(Data entries)

▬▬▬▬▬▬

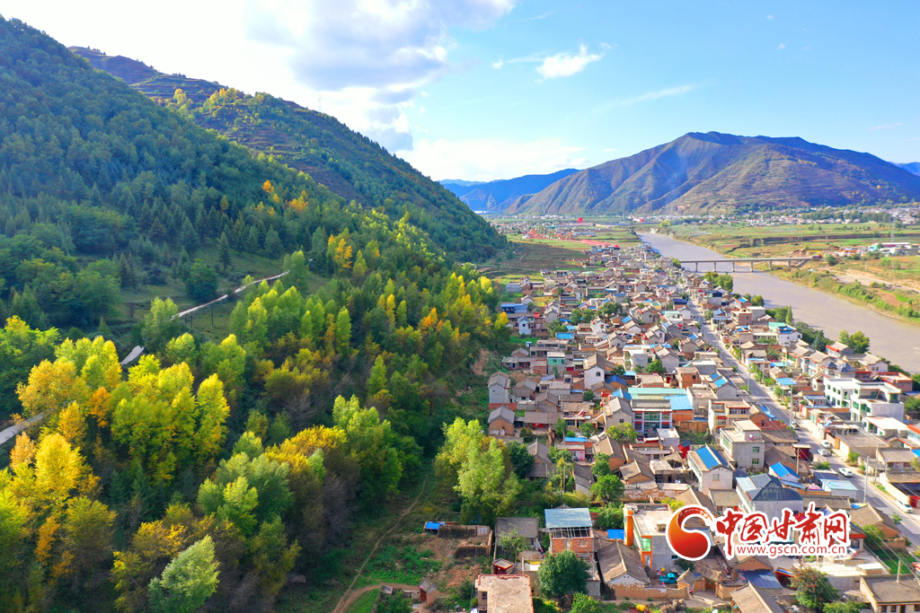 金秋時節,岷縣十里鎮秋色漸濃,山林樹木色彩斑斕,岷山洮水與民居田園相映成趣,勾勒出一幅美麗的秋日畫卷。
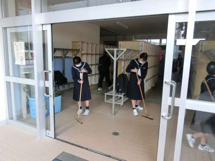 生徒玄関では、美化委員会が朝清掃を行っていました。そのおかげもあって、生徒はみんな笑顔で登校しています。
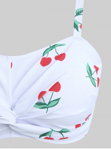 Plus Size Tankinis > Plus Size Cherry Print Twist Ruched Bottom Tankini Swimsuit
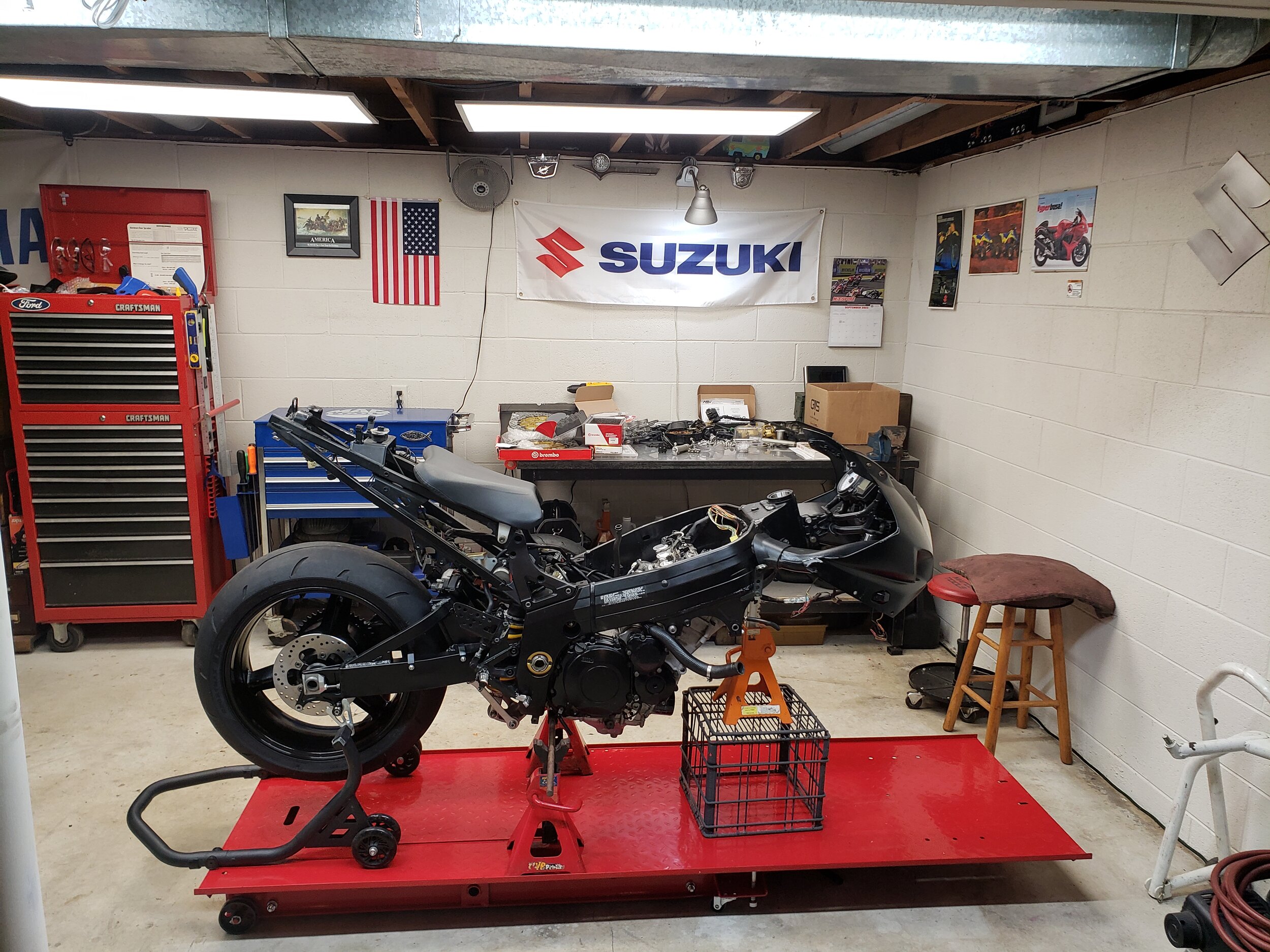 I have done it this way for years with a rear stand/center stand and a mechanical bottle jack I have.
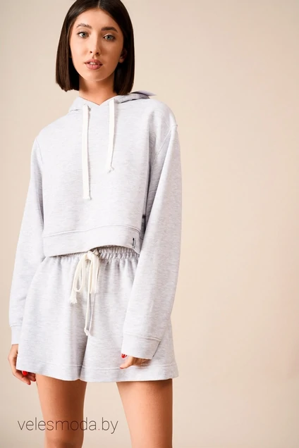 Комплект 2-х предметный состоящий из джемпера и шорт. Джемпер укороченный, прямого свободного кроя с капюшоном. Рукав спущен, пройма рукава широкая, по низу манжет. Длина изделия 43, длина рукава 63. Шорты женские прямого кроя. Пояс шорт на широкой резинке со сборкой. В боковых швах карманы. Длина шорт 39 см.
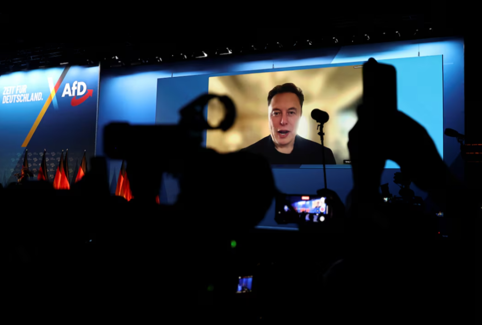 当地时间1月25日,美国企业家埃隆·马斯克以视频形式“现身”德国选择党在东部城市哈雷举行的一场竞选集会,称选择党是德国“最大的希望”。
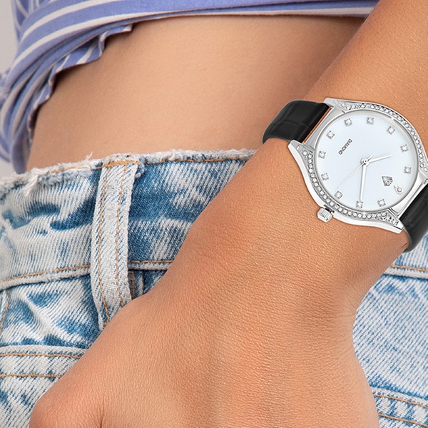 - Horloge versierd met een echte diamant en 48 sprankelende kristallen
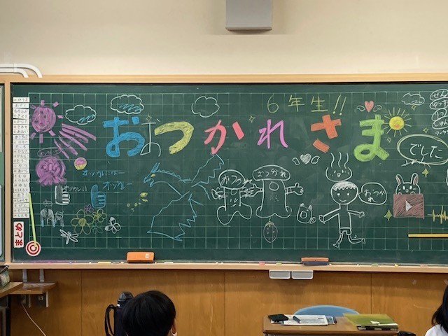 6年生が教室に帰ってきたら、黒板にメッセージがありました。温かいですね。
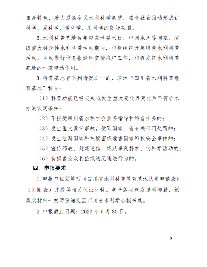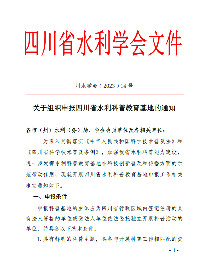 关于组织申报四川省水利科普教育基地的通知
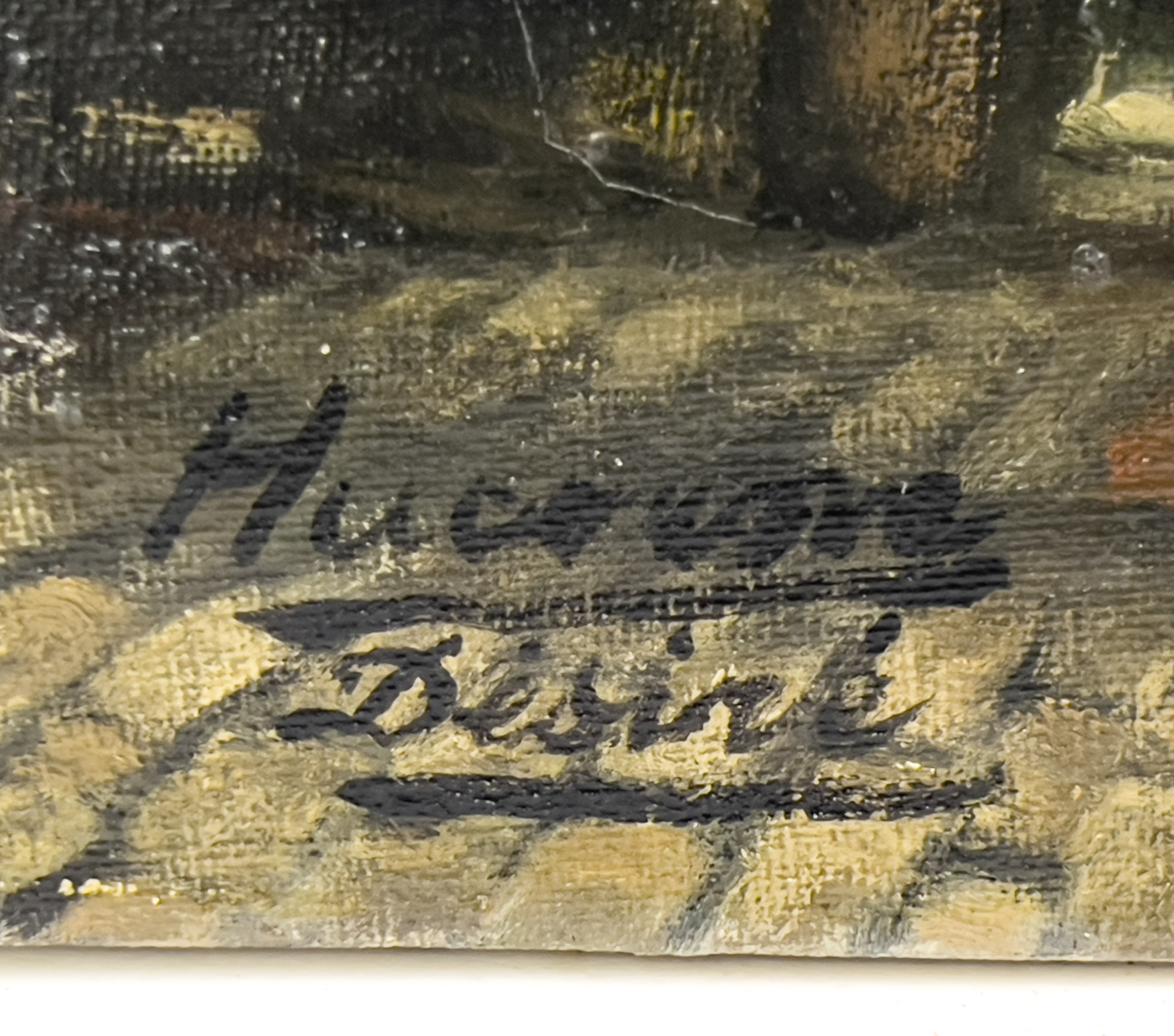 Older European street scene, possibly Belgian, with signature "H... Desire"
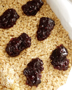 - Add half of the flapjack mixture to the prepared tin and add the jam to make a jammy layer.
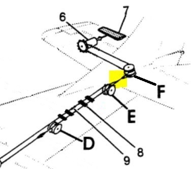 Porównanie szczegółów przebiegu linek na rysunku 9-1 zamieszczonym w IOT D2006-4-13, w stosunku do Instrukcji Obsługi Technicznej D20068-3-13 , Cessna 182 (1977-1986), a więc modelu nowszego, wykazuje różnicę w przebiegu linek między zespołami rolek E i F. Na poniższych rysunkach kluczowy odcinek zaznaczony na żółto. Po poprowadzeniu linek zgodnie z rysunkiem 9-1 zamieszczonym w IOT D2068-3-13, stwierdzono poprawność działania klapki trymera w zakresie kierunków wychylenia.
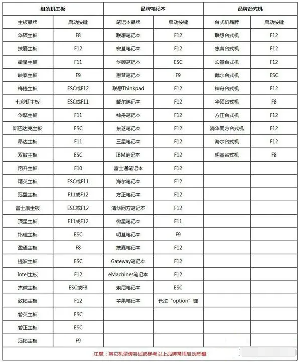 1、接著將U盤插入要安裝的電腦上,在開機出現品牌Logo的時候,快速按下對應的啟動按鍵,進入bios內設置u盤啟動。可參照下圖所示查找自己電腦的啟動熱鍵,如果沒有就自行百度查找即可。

▬▬▬▬▬▬

- _Required work_
Retype exactly the lines from the one containing "Plus Size Tankinis" through the last line of the records above, both included, and leave out any pictures.

- _Answer space_
 Plus Size Tankinis > Plus Size Cherry Print Twist Ruched Bottom Tankini Swimsuit
 I have done it this way for years with a rear stand/center stand and a mechanical bottle jack I have.
 Комплект 2-х предметный состоящий из джемпера и шорт. Джемпер укороченный, прямого свободного кроя с капюшоном. Рукав спущен, пройма рукава широкая, по низу манжет. Длина изделия 43, длина рукава 63. Шорты женские прямого кроя. Пояс шорт на широкой резинке со сборкой. В боковых швах карманы. Длина шорт 39 см.
 当地时间1月25日,美国企业家埃隆·马斯克以视频形式“现身”德国选择党在东部城市哈雷举行的一场竞选集会,称选择党是德国“最大的希望”。
 - Horloge versierd met een echte diamant en 48 sprankelende kristallen
 6年生が教室に帰ってきたら、黒板にメッセージがありました。温かいですね。
 关于组织申报四川省水利科普教育基地的通知
 Older European street scene, possibly Belgian, with signature "H... Desire"
 - Add half of the flapjack mixture to the prepared tin and add the jam to make a jammy layer.
 Porównanie szczegółów przebiegu linek na rysunku 9-1 zamieszczonym w IOT D2006-4-13, w stosunku do Instrukcji Obsługi Technicznej D20068-3-13 , Cessna 182 (1977-1986), a więc modelu nowszego, wykazuje różnicę w przebiegu linek między zespołami rolek E i F. Na poniższych rysunkach kluczowy odcinek zaznaczony na żółto. Po poprowadzeniu linek zgodnie z rysunkiem 9-1 zamieszczonym w IOT D2068-3-13, stwierdzono poprawność działania klapki trymera w zakresie kierunków wychylenia.
 1、接著將U盤插入要安裝的電腦上,在開機出現品牌Logo的時候,快速按下對應的啟動按鍵,進入bios內設置u盤啟動。可參照下圖所示查找自己電腦的啟動熱鍵,如果沒有就自行百度查找即可。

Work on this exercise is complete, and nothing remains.